**GIVEN DATA**
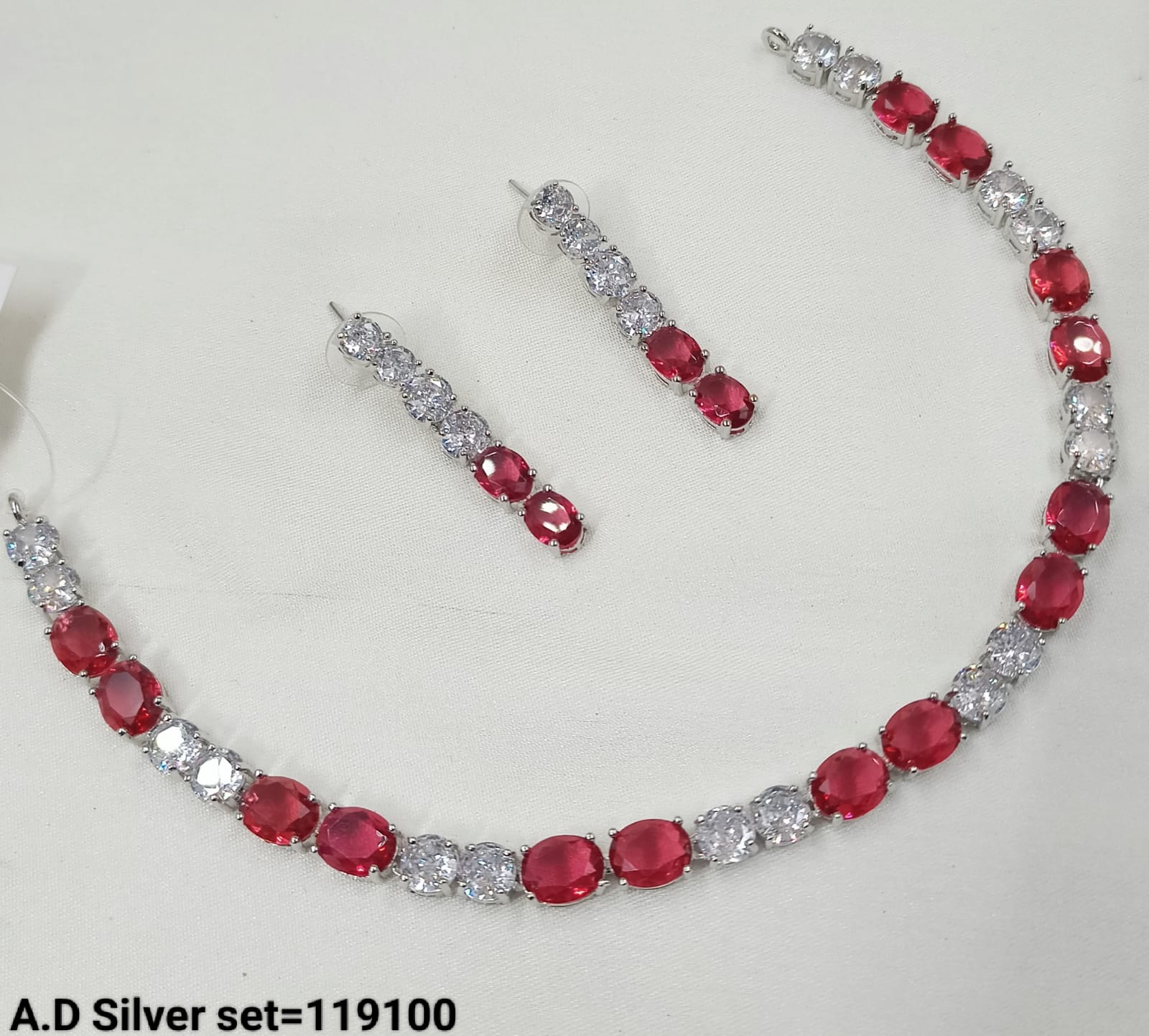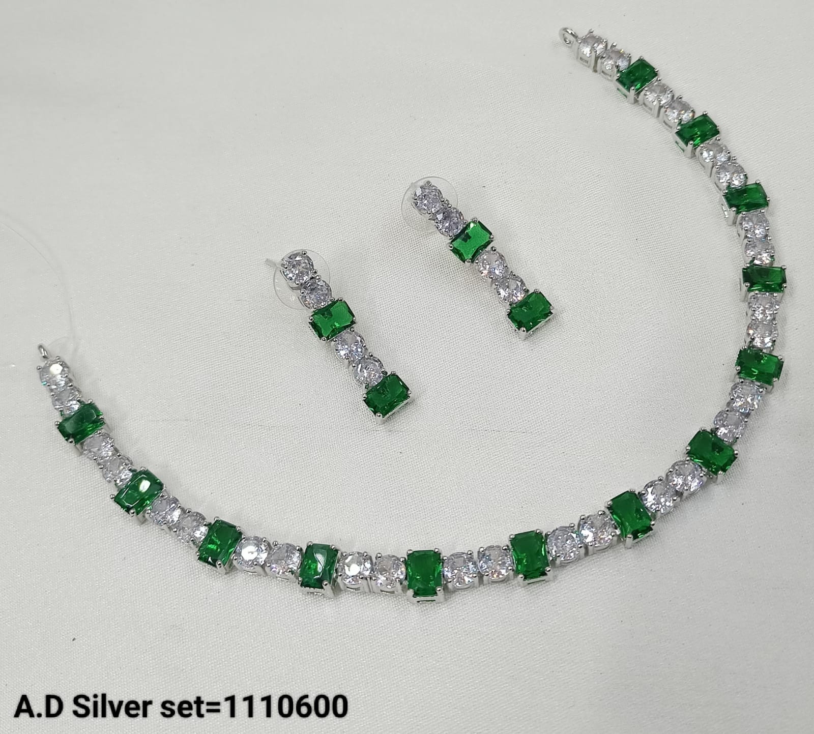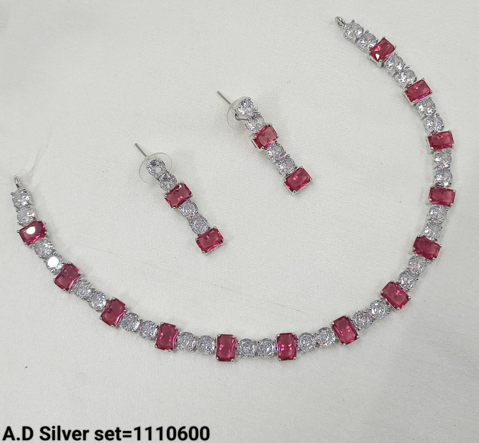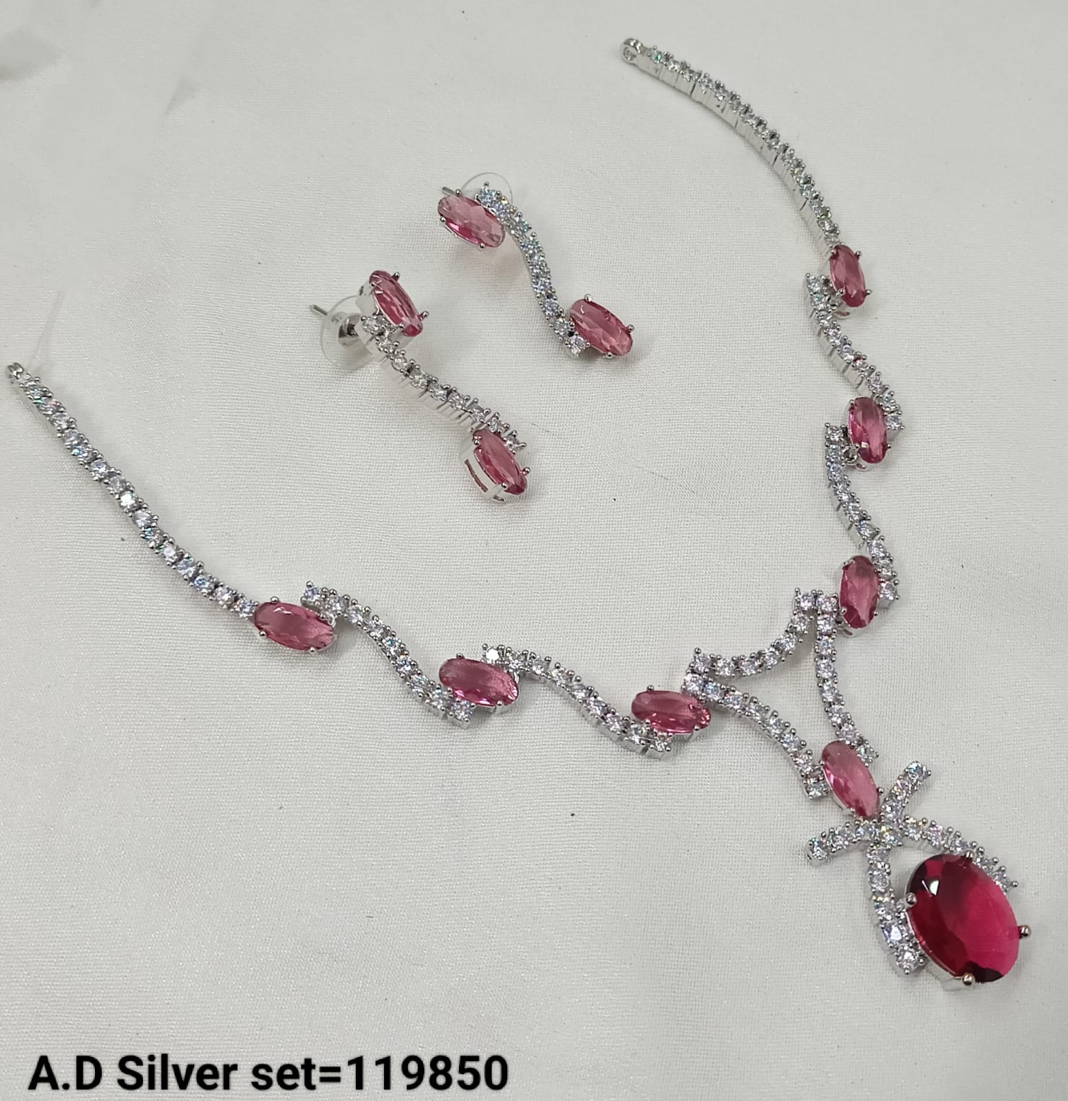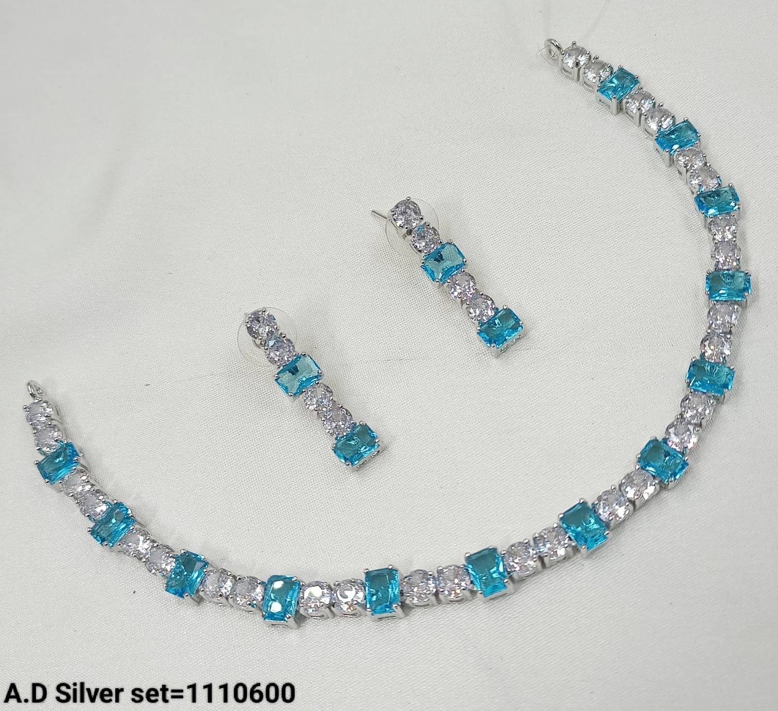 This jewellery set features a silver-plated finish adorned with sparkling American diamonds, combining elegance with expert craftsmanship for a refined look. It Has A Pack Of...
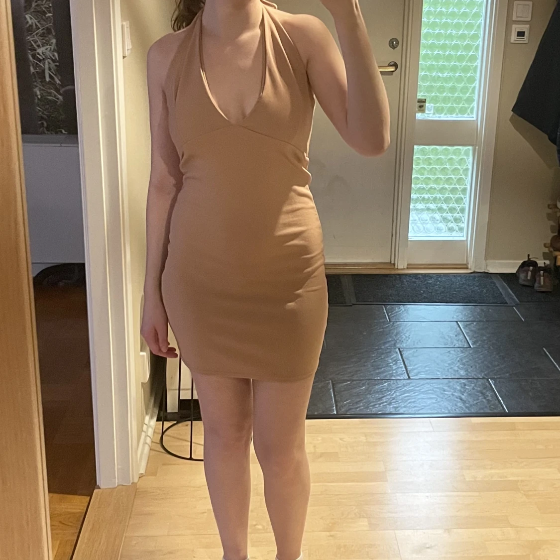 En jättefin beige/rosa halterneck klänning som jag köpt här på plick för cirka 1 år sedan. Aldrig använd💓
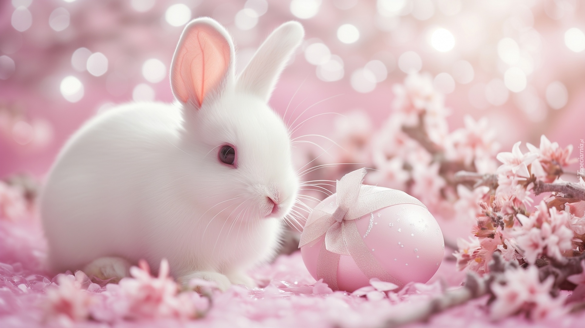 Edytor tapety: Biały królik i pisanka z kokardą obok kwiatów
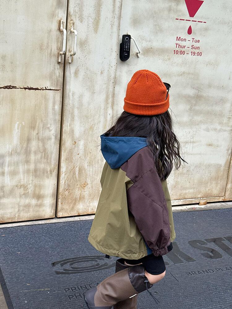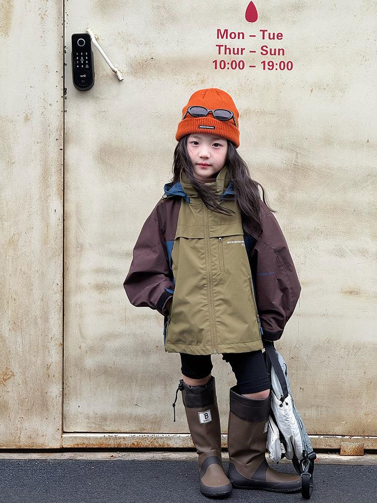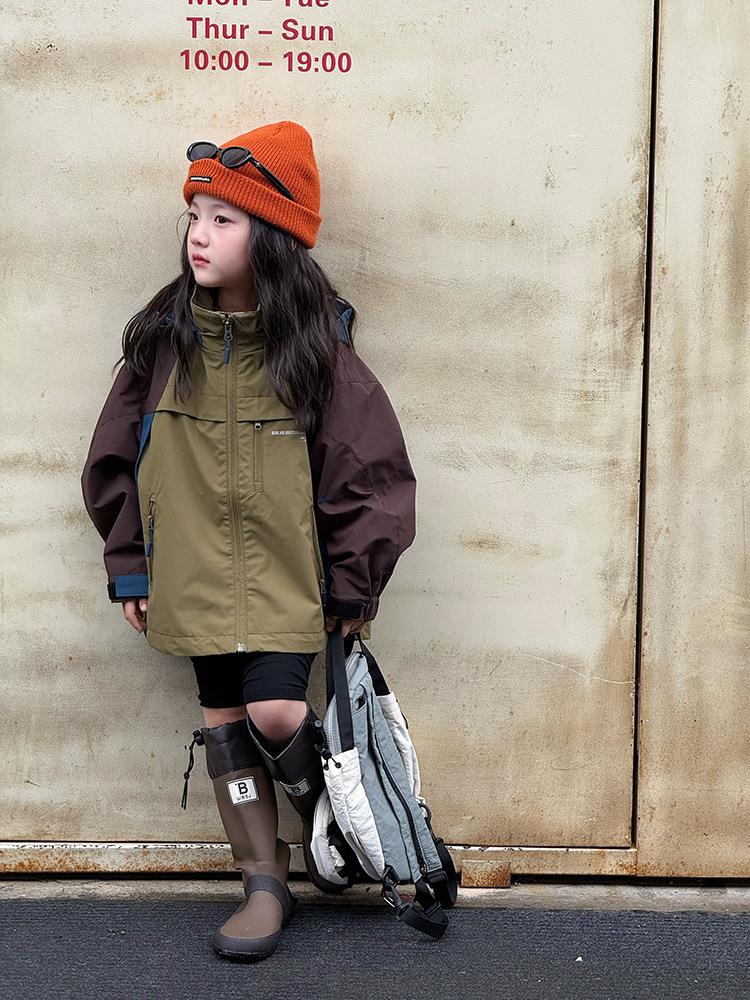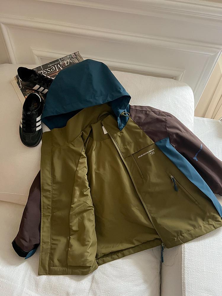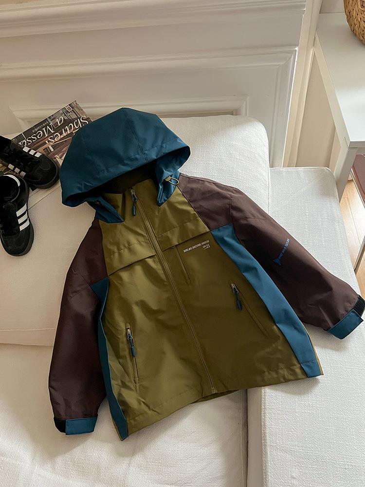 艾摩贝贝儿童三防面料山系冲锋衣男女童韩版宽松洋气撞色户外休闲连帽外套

**EXERCISE DIRECTIONS**
Restate, line by line and word for word, everything from the top of the material through the line that contains "Edytor tapety: Biały". Leave pictures out.

**EXERCISE RESPONSE**
 This jewellery set features a silver-plated finish adorned with sparkling American diamonds, combining elegance with expert craftsmanship for a refined look. It Has A Pack Of...
 En jättefin beige/rosa halterneck klänning som jag köpt här på plick för cirka 1 år sedan. Aldrig använd💓
 Edytor tapety: Biały królik i pisanka z kokardą obok kwiatów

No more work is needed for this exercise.